This study investigated the role of preoperative chemotherapy in squamous cell cancer of the esophagus.

METHODS:

A prospective randomized trial was undertaken in 147 patients: 74 received preoperative chemotherapy comprising cisplatin and 5-fluorouracil and 73 had surgical therapy alone. End points were cancer and therapy-related deaths.

RESULTS:

Sixty-six patients (89%) in the chemotherapy group underwent resection compared with 69 (95%) in the control group (p = not significant). Of the 60 patients who had resection after completing the chemotherapy program, 35 (58%) had a significant response, of whom four (6.7%) had a complete pathologic response. Postoperative mortality rates were 8.3% and 8.7% in the chemotherapy and control groups, respectively (p = not significant).
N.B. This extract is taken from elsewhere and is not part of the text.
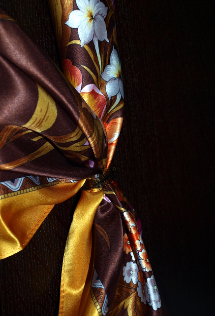 Кольцо понравилось своей нейтральностью и универсальностью. На шелковых платках "теплых" расцветок будет выглядеть хорошо, мне кажется, и не будет привлекать внимание. Острых краев нет, за платок не цепляется. Держит хорошо.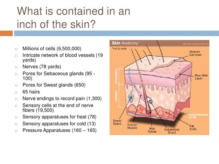 .Beginning with something relatively simple such as our skin, it would have to be paper thin in places and made to stretch evenly over some eighteen square feet of the body. As a sample of the whole, a piece of skin the size of a postage stamp would require 9.5 million cells, 78 yards of nerves, 650 sweat gland pores, 95-100 oil glands and 1300 five nerve ends to record pain. Plus that there are extremely complex sensors to detect heat, cold and pressure.

Significant downstaging was evident with chemotherapy; curative resections were possible in 67% of these patients compared with 35% in the control group (p = 0.0003). T3 and T4 tumors were found in 67% and 91% of the chemotherapy and control groups, respectively (p = 0.0002). The respective figures for N1 disease were 70% and 88% (p = 0.009). An intent-to-treat analysis of survival showed no significant difference between the two groups. Median survivals were 16.8 and 13 months, respectively (p = 0.17). Of those who completed the chemotherapy and resection, responders fared better than control patients. Median survivals were 42.2 months and 13.8 months, respectively (p = 0.003). Median survival (8.3 months) was worse for nonresponders than for control patients (p = 0.03). The recurrence pattern suggested a significant reduction in locoregional disease with chemotherapy.

CONCLUSIONS:

Preoperative chemotherapy was safe and resulted in significant downstaging and an increased likelihood of curative resection. Survival was not better than that in the surgery-alone group, but responders did fare better than nonresponders.

PMID:
9270638
DOI:
10.1016/S0022-5223(97)70147-8
[Indexed for MEDLINE]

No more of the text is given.